Baumer was an American indie rock band from Columbia, South Carolina. Their debut album Come on Feel It was released in 2005 and their follow up Were It Not For You was released on March 4, 2008. Baumer was also featured on the Starbucks Hear Music album Off the Clock.

On November 7, 2008, the band officially broke up, and played their last show in their hometown of Columbia, SC. Special burned discs entitled 'Never Say Die' which included 13 various acoustic songs, remixes, and even brand new tracks were given out to honor those that had supported Baumer along their journey.

On February 2, 2010, the band apparently announced in a bulletin that they were getting back together. However, this was revealed to be a hoax posted when someone hacked into the band's Myspace page.

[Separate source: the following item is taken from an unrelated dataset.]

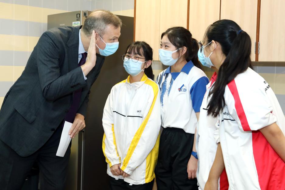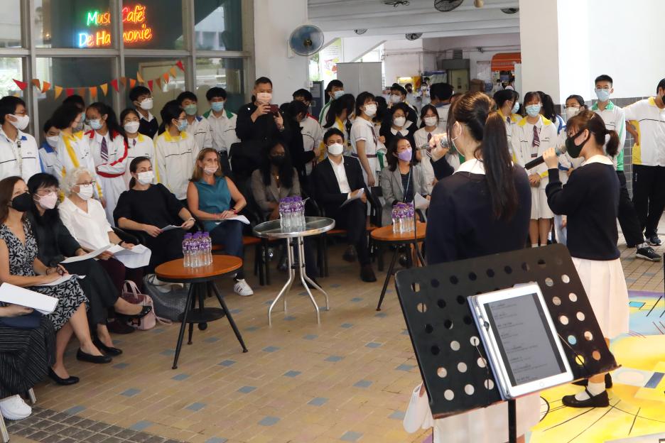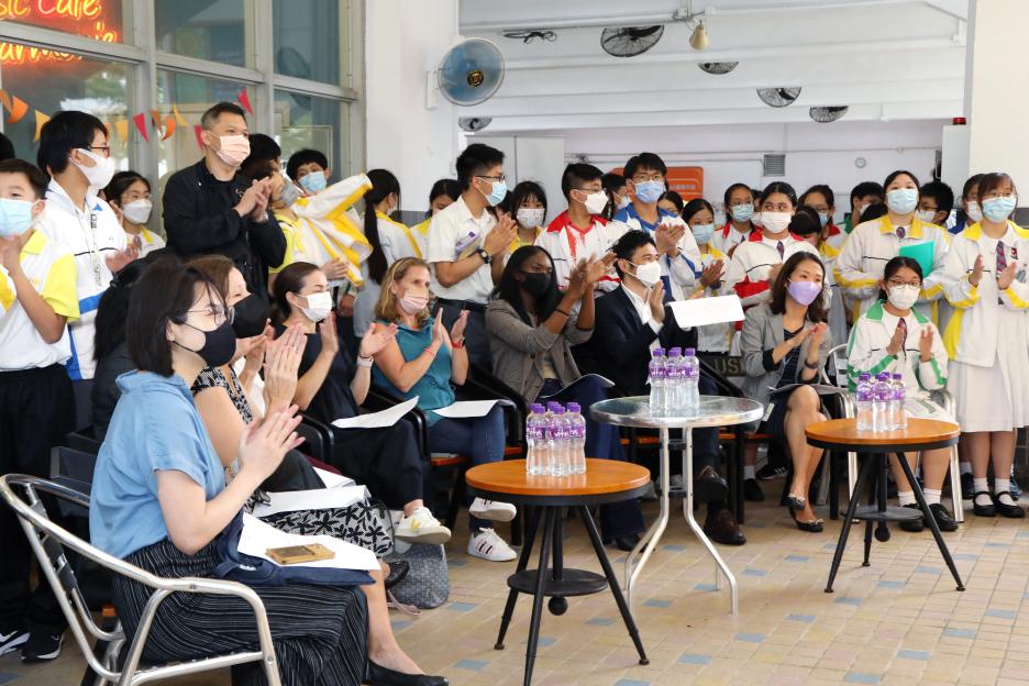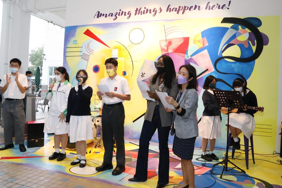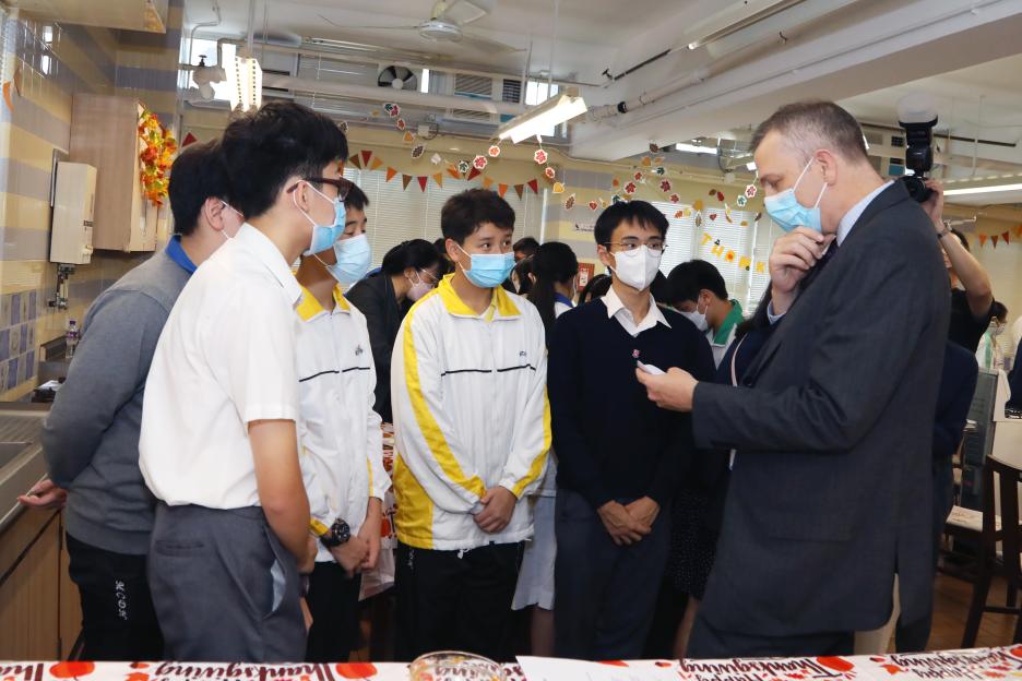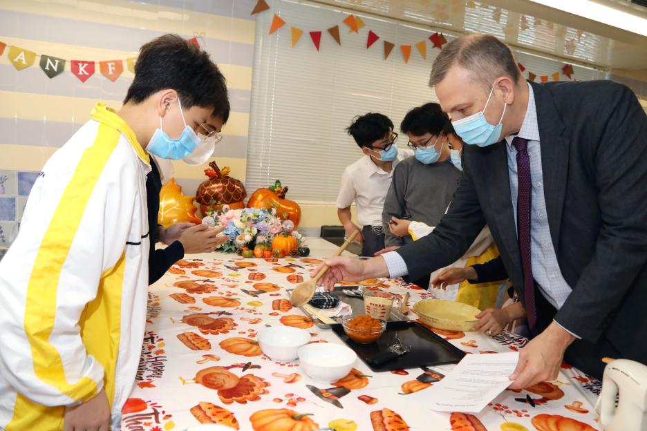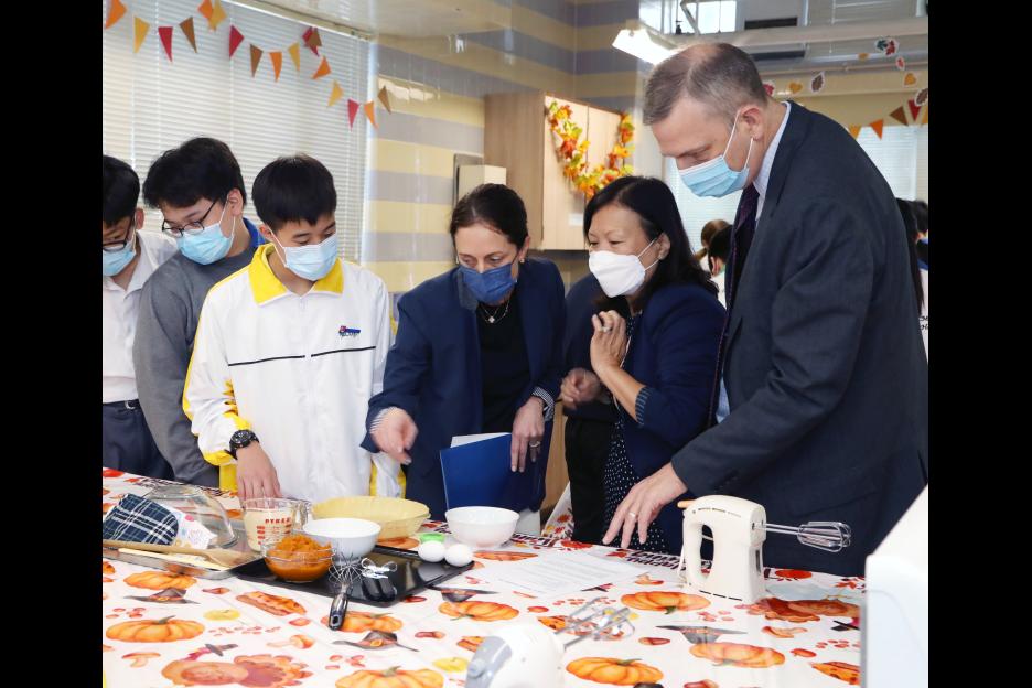 美國駐港澳總領事梅儒瑞先生(Mr. Gregory May)及夫人於2022年11月23日率先帶領十名居港美國義工到本校一同慶祝。
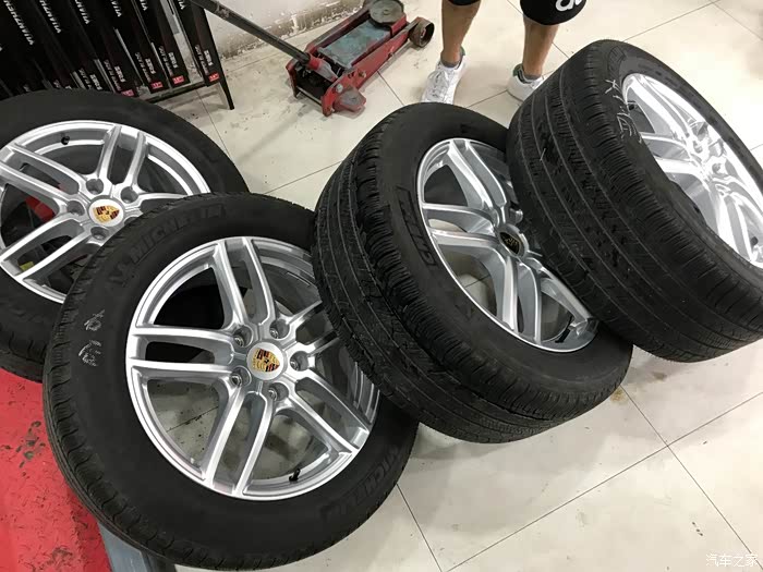 故事得从最开始说起,时间推移到计划买车时候,其他选配项目暂且不提及,光说轮毂,都知道十八寸是标配,不要钱,但卡宴车身较大,十八寸轮上车显得特别特别特别小家子气,完全拉低了卡宴的整体档次,当然啦舒适性绝对是最好的,毕竟胎壁辣么厚,地面缓冲肯定好的。那会儿我还真没研究过轮毂方面的事儿,就单单觉得这么大个车用十八轮不好看,然后我当时觉得十九就够了,大小适中,舒适性有了,外观也与十八轮有所区分,应该是最合适的了,所以后来找现车时候就找了一辆带十九turbo轮的车子,加了三万块,后来的后来我觉得这是我买卡宴做的最最错误的一个决定,一个字,坑!真真懊悔。

The remaining members of Baumer have gone on to form the band The Internet, which released an EP On the Brink or Bust in November 2010. Kenny McWilliams and Chad Rochester, as of June 2024, continue to play music together in the bands Rejectioneers and real work.

==Discography==
- Family of Geniuses (Self-release, 2004)
- Come On, Feel It (Astro Magnetics, 2005)
- Come on, Feel It Reissue (Eyeball Records, 2006)
- Were It Not For You (Eyeball Records, March 4, 2008)
- Never Say Die (Self-released, 2008)

===Other appearances===
- Waking Life - Nicholas a. Milillo (2024) (samples title track from Were It Not For You)

==Members==
- Nate Boykin – Lead vocals, synthesizer (2003–2008)
- Chad Rochester – vocals, lead guitar, bass, synthesizer (2005–2008)
- Kenny McWilliams – rhythm guitar (2003–2008)
- Chris Corley – bass guitar (2004–2006)
- Josh Kean – drums (2005–2008)
- Caleb Weathersby – drums (2003-2005)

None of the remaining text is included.